Mais en date du 20 octobre 2022, la Cour Européenne de Justice a rendu un arrêt important relatif à l’interprétation de l’article 4 de la directive 2011/7/UE concernant la lutte contre le retard de paiement dans les transactions commerciales.
Ainsi, la Cour a considéré qu’une réglementation nationale prévoyant un délai de paiement d’une durée maximale de 60 jours pour les transactions commerciales entre pouvoirs publics et entreprises privées, violait cet article 4 de la directive,
« y compris lorsque ce délai est composé d’un délai initial de 30 jours pour une procédure d’acceptation ou de vérification de la conformité des marchandises ou des services fournis avec le contrat, suivi d’un délai supplémentaire de 30 jours pour le paiement du prix convenu ».

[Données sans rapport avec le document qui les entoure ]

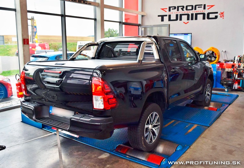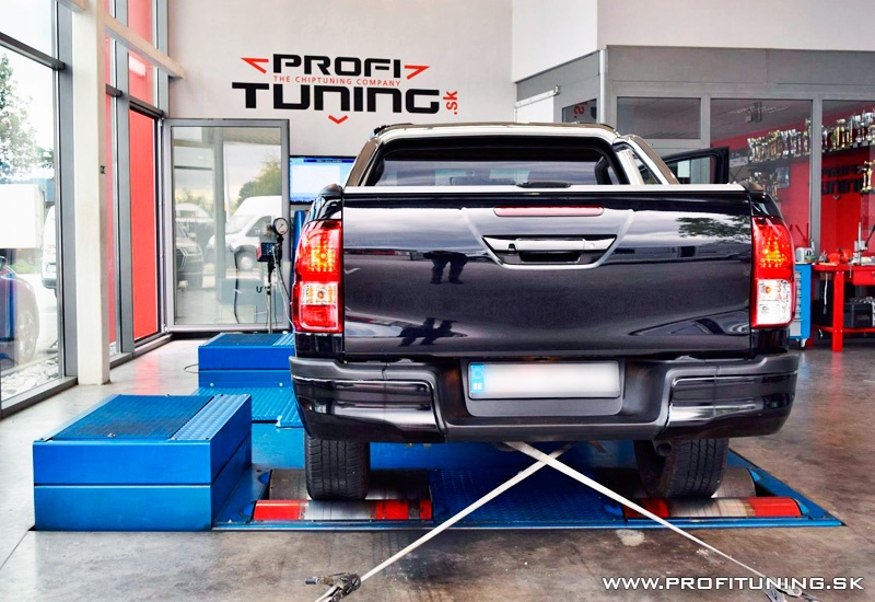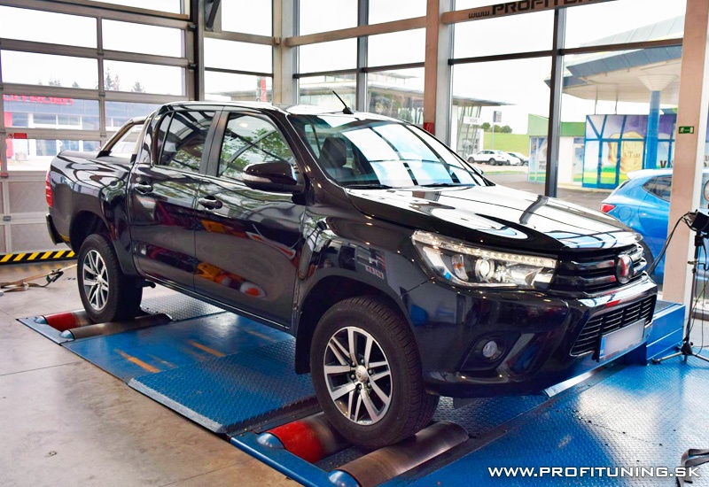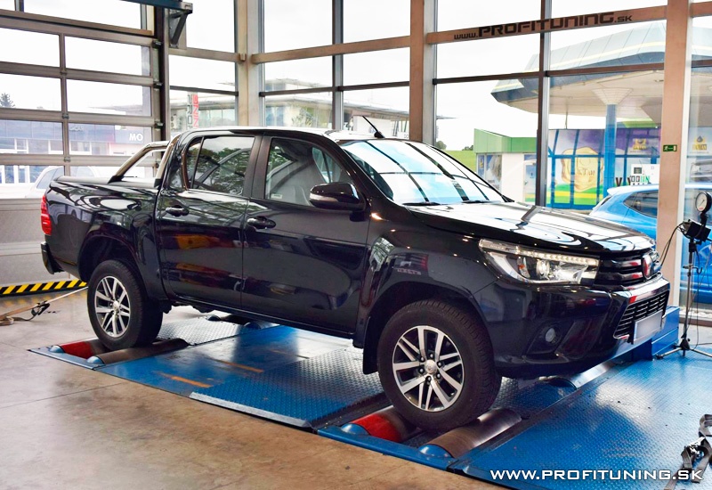 Posledná generácia Toyoty Hilux je naozaj skvelý pracant, no čo mu najmä chýba je výkon. Motor 2.4 D-CAT disponuje technickým sériovým výkonom 150k (110kW) a 400Nm, no len technickým. Reálne odmeraný výkon je nižší a to 143k a najmä krútiaci moment 342Nm. Bohužiaľ potvrdil to aj samotný majiteľ, že auto je oproti iným pick-upom naozaj slabšie, keďže ich už vystriedal viacero, tak sa rozhodol využiť naše služby. Po dôkladnej softvérovej úprave sme výkon navýšili na bezpečných 169k (124kW) a 416Nm.

Au regard de cette décision, les modalités de paiement légalement en vigueur dans notre pays pour les marchés publics devenaient « hors la loi » et il s’imposait de les réformer pour que la Belgique soit en phase avec ses obligations européennes.
La réforme des délais de paiement
Le mécanisme a été revu par un arrêté royal du 12 août 2024, entré en vigueur le 1er janvier 2025.
Modifiant les dispositions idoines de l’arrêté royal du 14 janvier 2013 établissant les règles générales d’exécution des marchés publics, le nouveau mécanisme supprime les délais distincts pour les opérations de vérification et de paiement. Désormais, il n’existe plus qu’un seul délai de 30 jours au cours duquel la vérification et le paiement doivent être réalisés. Cette modification devrait être bénéfique pour la compétitivité des entreprises, et en particulier celle des petites et moyennes entreprises pour lesquelles la disponibilité rapide des liquidités est bien souvent une nécessité.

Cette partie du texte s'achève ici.